**EXTRACTED ENTRIES:**

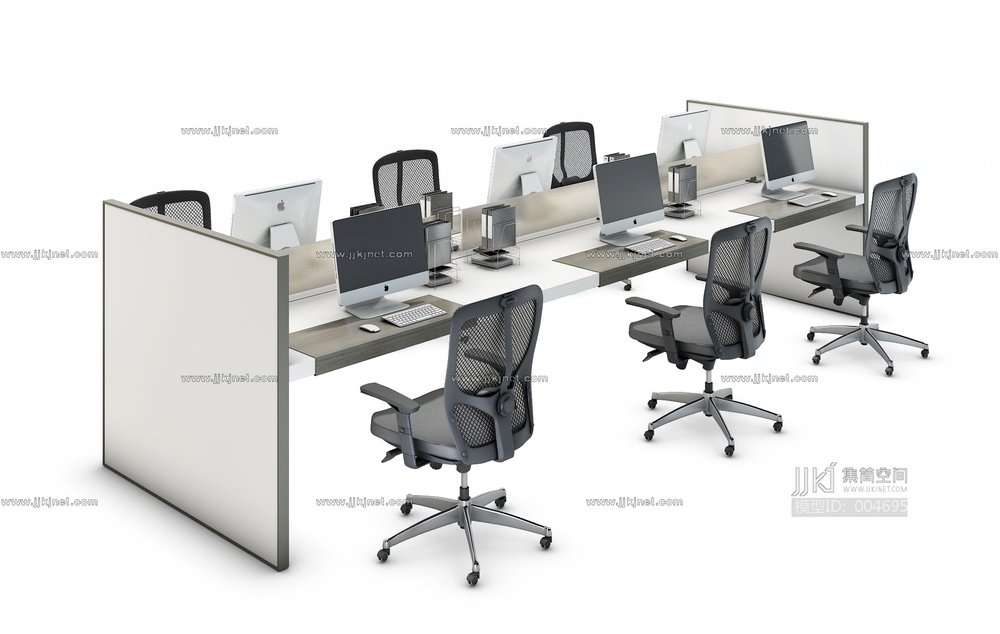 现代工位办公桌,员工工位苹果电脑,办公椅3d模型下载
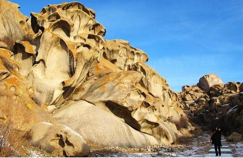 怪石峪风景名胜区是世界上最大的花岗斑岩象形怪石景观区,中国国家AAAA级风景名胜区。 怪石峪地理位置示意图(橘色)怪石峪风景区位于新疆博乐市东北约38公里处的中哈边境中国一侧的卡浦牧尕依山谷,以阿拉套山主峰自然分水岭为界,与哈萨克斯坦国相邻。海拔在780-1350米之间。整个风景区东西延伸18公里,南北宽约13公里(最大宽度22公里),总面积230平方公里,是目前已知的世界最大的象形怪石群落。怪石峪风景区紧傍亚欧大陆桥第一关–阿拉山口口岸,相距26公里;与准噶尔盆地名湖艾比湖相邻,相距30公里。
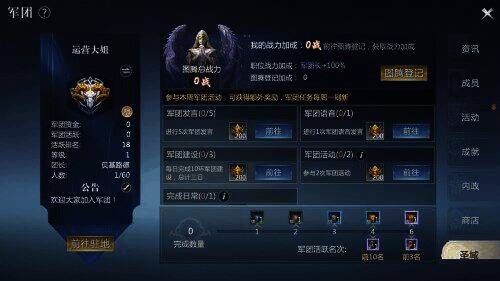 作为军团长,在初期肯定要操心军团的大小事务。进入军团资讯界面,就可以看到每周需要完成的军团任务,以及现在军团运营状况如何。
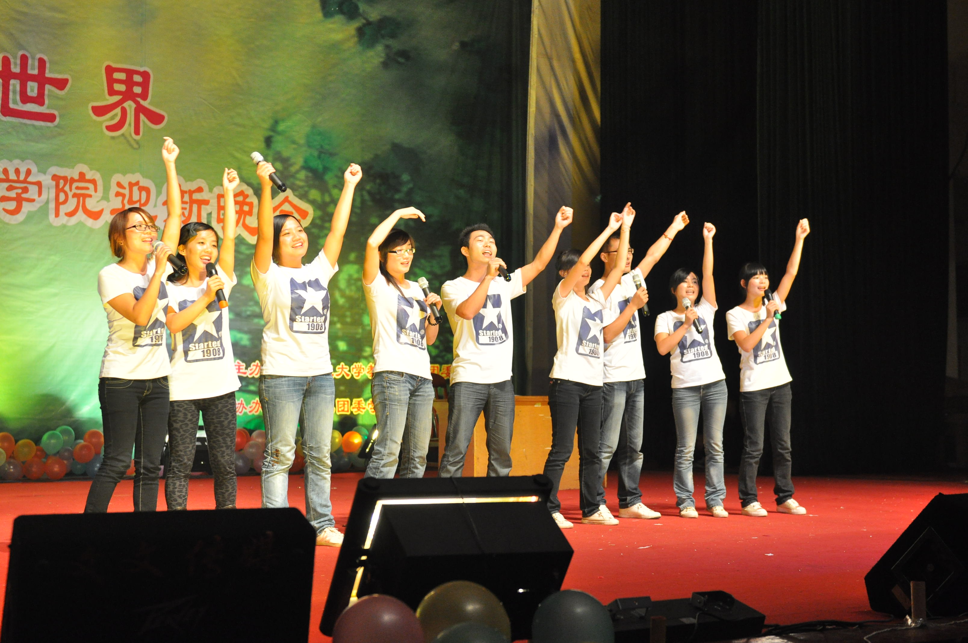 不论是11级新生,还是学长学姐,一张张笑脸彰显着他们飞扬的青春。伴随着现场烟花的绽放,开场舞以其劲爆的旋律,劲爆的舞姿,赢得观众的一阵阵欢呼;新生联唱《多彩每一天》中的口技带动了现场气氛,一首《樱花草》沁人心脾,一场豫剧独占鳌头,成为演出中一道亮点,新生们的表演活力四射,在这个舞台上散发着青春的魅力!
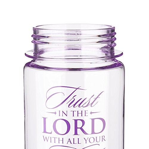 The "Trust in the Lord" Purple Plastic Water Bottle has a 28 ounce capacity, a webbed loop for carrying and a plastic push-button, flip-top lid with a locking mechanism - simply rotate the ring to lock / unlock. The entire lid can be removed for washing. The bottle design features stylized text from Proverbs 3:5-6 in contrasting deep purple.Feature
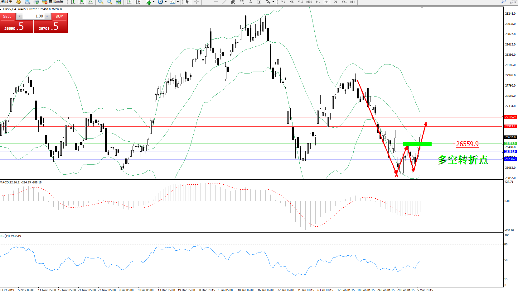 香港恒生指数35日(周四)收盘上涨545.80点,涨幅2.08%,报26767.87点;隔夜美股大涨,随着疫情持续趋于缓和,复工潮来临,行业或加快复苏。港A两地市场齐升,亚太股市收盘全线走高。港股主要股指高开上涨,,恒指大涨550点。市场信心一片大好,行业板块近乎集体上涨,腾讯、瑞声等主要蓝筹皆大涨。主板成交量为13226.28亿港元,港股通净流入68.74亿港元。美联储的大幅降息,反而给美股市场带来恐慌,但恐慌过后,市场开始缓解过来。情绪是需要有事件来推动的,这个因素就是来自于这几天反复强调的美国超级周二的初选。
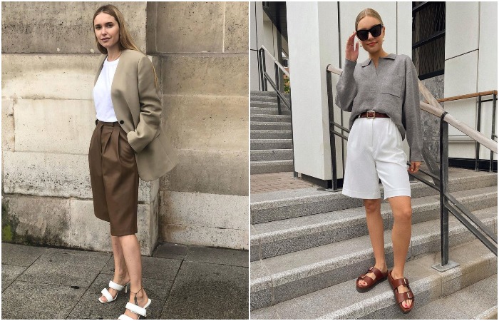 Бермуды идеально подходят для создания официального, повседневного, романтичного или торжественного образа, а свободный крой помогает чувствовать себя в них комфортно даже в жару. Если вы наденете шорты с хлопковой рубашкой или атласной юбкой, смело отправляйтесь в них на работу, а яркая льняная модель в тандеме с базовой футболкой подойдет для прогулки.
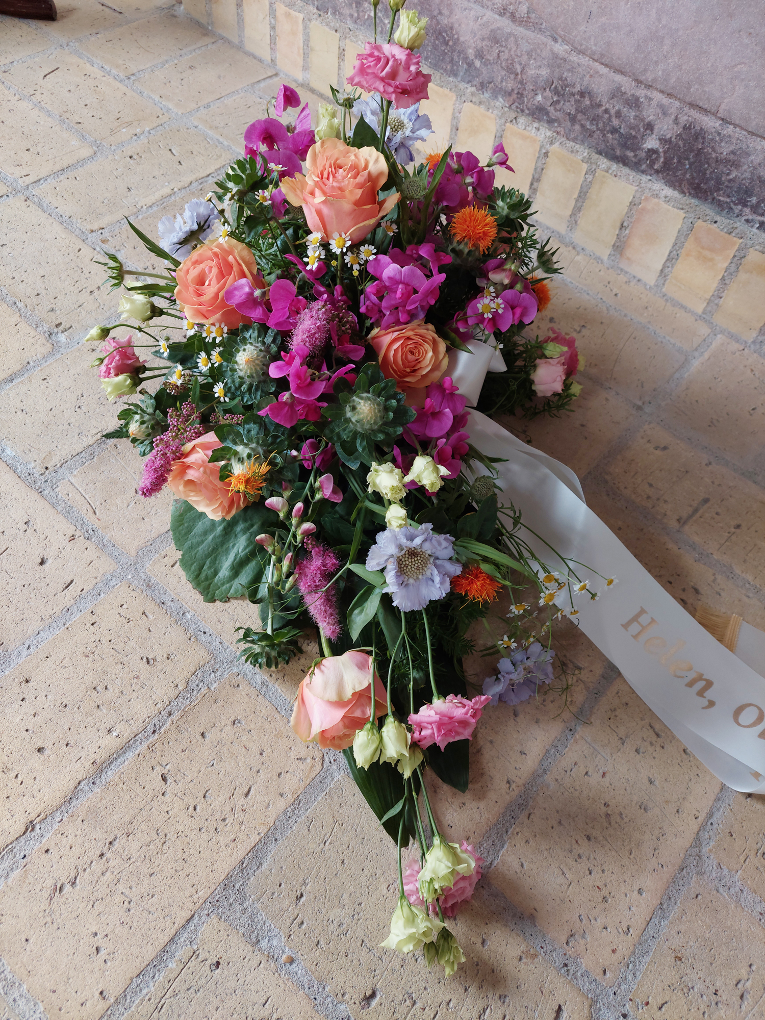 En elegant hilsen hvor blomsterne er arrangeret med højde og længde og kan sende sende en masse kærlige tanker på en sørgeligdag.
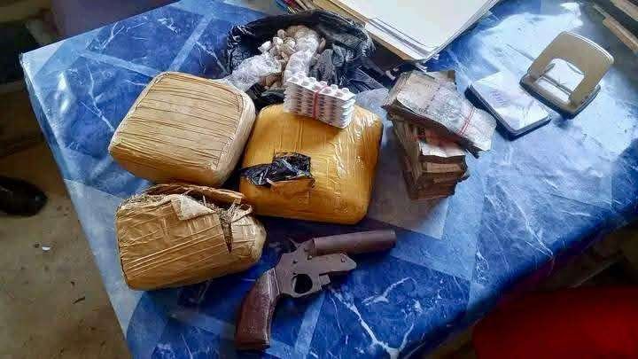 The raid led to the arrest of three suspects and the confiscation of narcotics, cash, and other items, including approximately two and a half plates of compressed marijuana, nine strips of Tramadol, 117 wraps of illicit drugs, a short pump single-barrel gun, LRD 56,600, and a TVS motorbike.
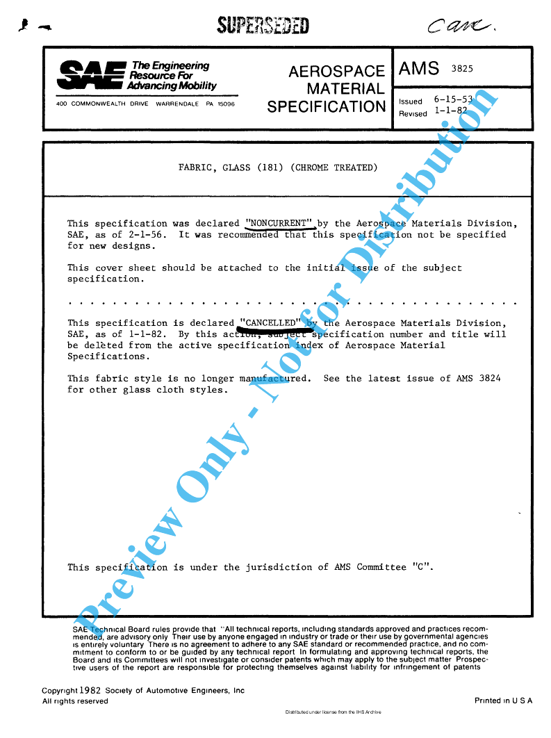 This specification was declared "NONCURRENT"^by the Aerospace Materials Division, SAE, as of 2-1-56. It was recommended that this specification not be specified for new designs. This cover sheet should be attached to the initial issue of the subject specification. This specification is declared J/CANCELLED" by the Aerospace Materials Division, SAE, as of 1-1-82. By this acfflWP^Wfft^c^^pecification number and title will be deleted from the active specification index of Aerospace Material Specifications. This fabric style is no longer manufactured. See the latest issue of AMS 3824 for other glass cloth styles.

**TASK OBJECTIVE:**
Take the material above from the line containing "contrasting deep purple.Feature" up to and including the line containing "En elegant hilsen" and retype it exactly, without any pictures.

**SOLUTION FOR THIS PROBLEM:**
 The "Trust in the Lord" Purple Plastic Water Bottle has a 28 ounce capacity, a webbed loop for carrying and a plastic push-button, flip-top lid with a locking mechanism - simply rotate the ring to lock / unlock. The entire lid can be removed for washing. The bottle design features stylized text from Proverbs 3:5-6 in contrasting deep purple.Feature
 香港恒生指数35日(周四)收盘上涨545.80点,涨幅2.08%,报26767.87点;隔夜美股大涨,随着疫情持续趋于缓和,复工潮来临,行业或加快复苏。港A两地市场齐升,亚太股市收盘全线走高。港股主要股指高开上涨,,恒指大涨550点。市场信心一片大好,行业板块近乎集体上涨,腾讯、瑞声等主要蓝筹皆大涨。主板成交量为13226.28亿港元,港股通净流入68.74亿港元。美联储的大幅降息,反而给美股市场带来恐慌,但恐慌过后,市场开始缓解过来。情绪是需要有事件来推动的,这个因素就是来自于这几天反复强调的美国超级周二的初选。
 Бермуды идеально подходят для создания официального, повседневного, романтичного или торжественного образа, а свободный крой помогает чувствовать себя в них комфортно даже в жару. Если вы наденете шорты с хлопковой рубашкой или атласной юбкой, смело отправляйтесь в них на работу, а яркая льняная модель в тандеме с базовой футболкой подойдет для прогулки.
 En elegant hilsen hvor blomsterne er arrangeret med højde og længde og kan sende sende en masse kærlige tanker på en sørgeligdag.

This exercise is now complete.